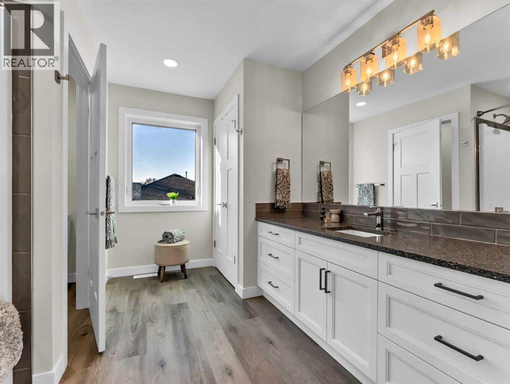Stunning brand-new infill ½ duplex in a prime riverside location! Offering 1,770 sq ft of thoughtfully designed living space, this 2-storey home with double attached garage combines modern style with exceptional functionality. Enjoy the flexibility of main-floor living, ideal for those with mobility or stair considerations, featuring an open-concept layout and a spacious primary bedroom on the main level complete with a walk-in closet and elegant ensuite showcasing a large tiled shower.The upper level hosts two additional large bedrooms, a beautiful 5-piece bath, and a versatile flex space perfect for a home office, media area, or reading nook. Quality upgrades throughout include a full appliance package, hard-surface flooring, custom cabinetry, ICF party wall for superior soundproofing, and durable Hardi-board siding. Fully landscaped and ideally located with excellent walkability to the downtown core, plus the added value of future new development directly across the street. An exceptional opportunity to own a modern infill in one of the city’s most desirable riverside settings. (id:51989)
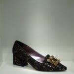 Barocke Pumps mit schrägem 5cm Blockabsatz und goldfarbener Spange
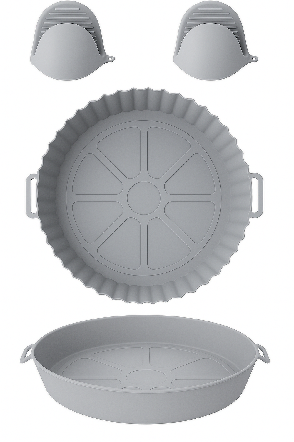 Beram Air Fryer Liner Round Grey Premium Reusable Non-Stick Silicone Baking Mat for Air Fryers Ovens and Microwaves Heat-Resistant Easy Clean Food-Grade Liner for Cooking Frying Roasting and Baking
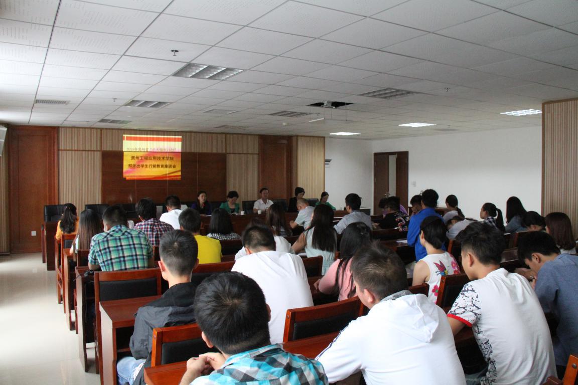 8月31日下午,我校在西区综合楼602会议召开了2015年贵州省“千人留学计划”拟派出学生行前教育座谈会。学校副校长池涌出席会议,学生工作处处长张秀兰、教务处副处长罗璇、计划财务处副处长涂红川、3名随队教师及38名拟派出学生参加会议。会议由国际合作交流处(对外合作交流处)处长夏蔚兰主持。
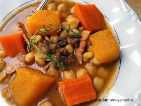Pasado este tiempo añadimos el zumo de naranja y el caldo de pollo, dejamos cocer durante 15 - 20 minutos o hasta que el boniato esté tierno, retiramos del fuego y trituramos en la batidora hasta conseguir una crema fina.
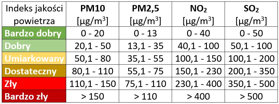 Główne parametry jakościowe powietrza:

=======

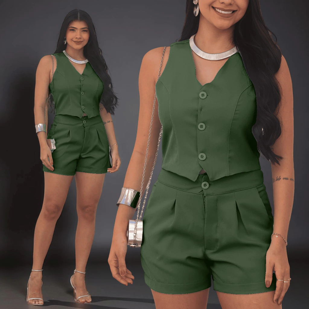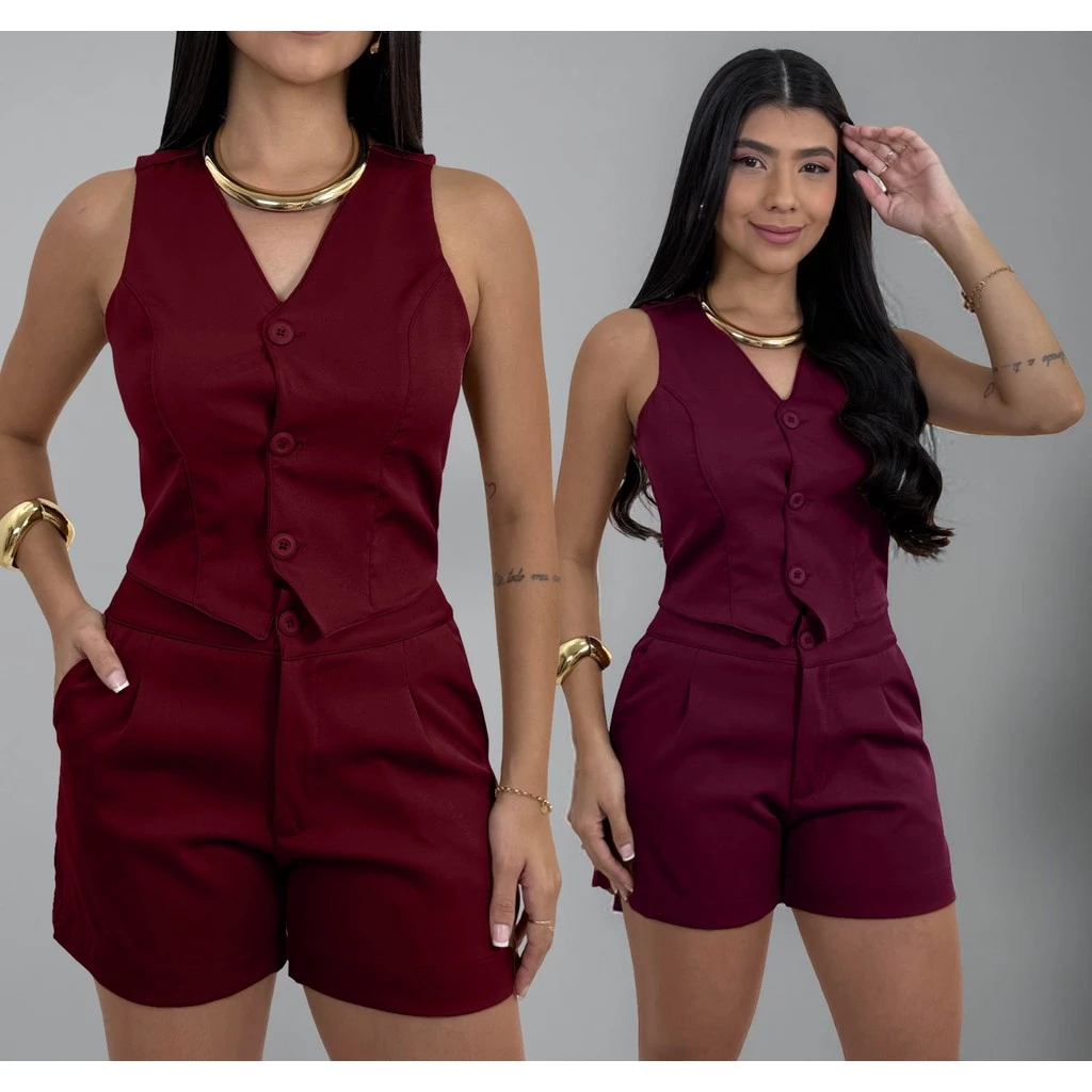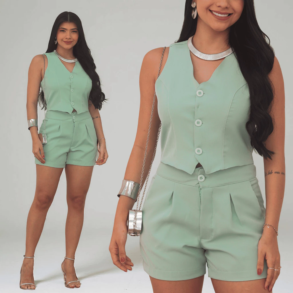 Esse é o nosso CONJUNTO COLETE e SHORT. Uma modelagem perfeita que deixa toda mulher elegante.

=======

== What needs to be done ==
Go back to the listing above and reproduce, exactly, the stretch from the line bearing "Stunning brand-new infill" through the line bearing "Beram Air Fryer", without its pictures.

== Your solution ==
Stunning brand-new infill ½ duplex in a prime riverside location! Offering 1,770 sq ft of thoughtfully designed living space, this 2-storey home with double attached garage combines modern style with exceptional functionality. Enjoy the flexibility of main-floor living, ideal for those with mobility or stair considerations, featuring an open-concept layout and a spacious primary bedroom on the main level complete with a walk-in closet and elegant ensuite showcasing a large tiled shower.The upper level hosts two additional large bedrooms, a beautiful 5-piece bath, and a versatile flex space perfect for a home office, media area, or reading nook. Quality upgrades throughout include a full appliance package, hard-surface flooring, custom cabinetry, ICF party wall for superior soundproofing, and durable Hardi-board siding. Fully landscaped and ideally located with excellent walkability to the downtown core, plus the added value of future new development directly across the street. An exceptional opportunity to own a modern infill in one of the city’s most desirable riverside settings. (id:51989)
 Barocke Pumps mit schrägem 5cm Blockabsatz und goldfarbener Spange
 Beram Air Fryer Liner Round Grey Premium Reusable Non-Stick Silicone Baking Mat for Air Fryers Ovens and Microwaves Heat-Resistant Easy Clean Food-Grade Liner for Cooking Frying Roasting and Baking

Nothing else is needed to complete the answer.